During the process of recovery or practicing self-love, it’s critical to keep in mind that it is just that: a process. Recovery is messy. Recovery is hard. Recovery is different for everyone and is not something that can be easily measured. One day in recovery or one day where we feel ourselves returning to past habits or dated mindsets does not determine the progress we have made as people and how much we have put into selfcare. “It’s not a linear process of recovery. It’s hard. Going through that is hard. You’re still going through it,” said Harshman. “Taking that time to take a step back from everything and realizing that some days are going to be really hard. Even doing the simplest things like brushing your teeth, getting out of bed, or putting on deodorant, those things feel like a chore sometimes. It’s okay to feel that way.”

In times like this, it’s easy to riddle ourselves with guilt. There is no shame in having a difficult day, nor is there shame in having a day where you are your first and only priority. UO student Peri Krolczyk emphasized the importance of mindsets during these times where we feel guilt or opposition towards self-love. “Start by altering your thought processes when you think of yourself. Whenever you think something negative about yourself, force yourself to say three positive things,” she said. “Self-love is something I always put at the top of my list. I start off my day by saying my affirmations and I end my day by saying gratitude for myself and all the things I have accomplished. I practice it every day.” For someone who might be just starting in practicing affirmations or self-love routines, a good start could even be writing an affirmation on the mirror to look at each day.

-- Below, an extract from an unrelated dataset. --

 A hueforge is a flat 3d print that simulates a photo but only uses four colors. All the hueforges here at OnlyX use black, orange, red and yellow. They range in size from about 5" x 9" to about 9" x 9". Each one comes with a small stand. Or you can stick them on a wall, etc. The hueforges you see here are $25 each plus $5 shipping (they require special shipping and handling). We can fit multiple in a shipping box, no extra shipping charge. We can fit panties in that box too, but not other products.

One of the most valuable things I have come to learn and accept is that there is no universal measure of pain or hardship. There are shared experiences and there is empathy, but there is no right or wrong when it comes to how we feel. In times where I have neglected myself or turned away from self-compassion because I felt that others have it worse, or that it is different when it is me, or that nobody cares; I have been wrong.

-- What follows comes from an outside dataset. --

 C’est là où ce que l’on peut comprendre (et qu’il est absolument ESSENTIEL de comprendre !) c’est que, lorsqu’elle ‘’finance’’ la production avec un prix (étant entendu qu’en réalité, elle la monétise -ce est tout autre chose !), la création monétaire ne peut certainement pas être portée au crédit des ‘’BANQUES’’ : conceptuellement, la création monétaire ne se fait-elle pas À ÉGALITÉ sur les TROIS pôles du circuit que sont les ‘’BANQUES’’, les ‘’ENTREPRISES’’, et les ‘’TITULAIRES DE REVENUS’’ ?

Being there for others has always been my priority, but it is also the culprit behind finding an excuse to ignore my own needs. Learning to balance and prioritize my own needs with the needs of others has been a lifelong struggle. During this process, I have found a new relationship of self-love and forgiveness and without that, I would not be the person I am today. With that, I encourage everyone to find that time in their lives to do those little actions of love which ultimately accumulate to a new appreciation and level of care. After all, as Harshman said, “it’s the little things that make the world go round.”

Over the years, I have taught myself that putting myself first is selfish when really, it is the only way I will be able to be there for others.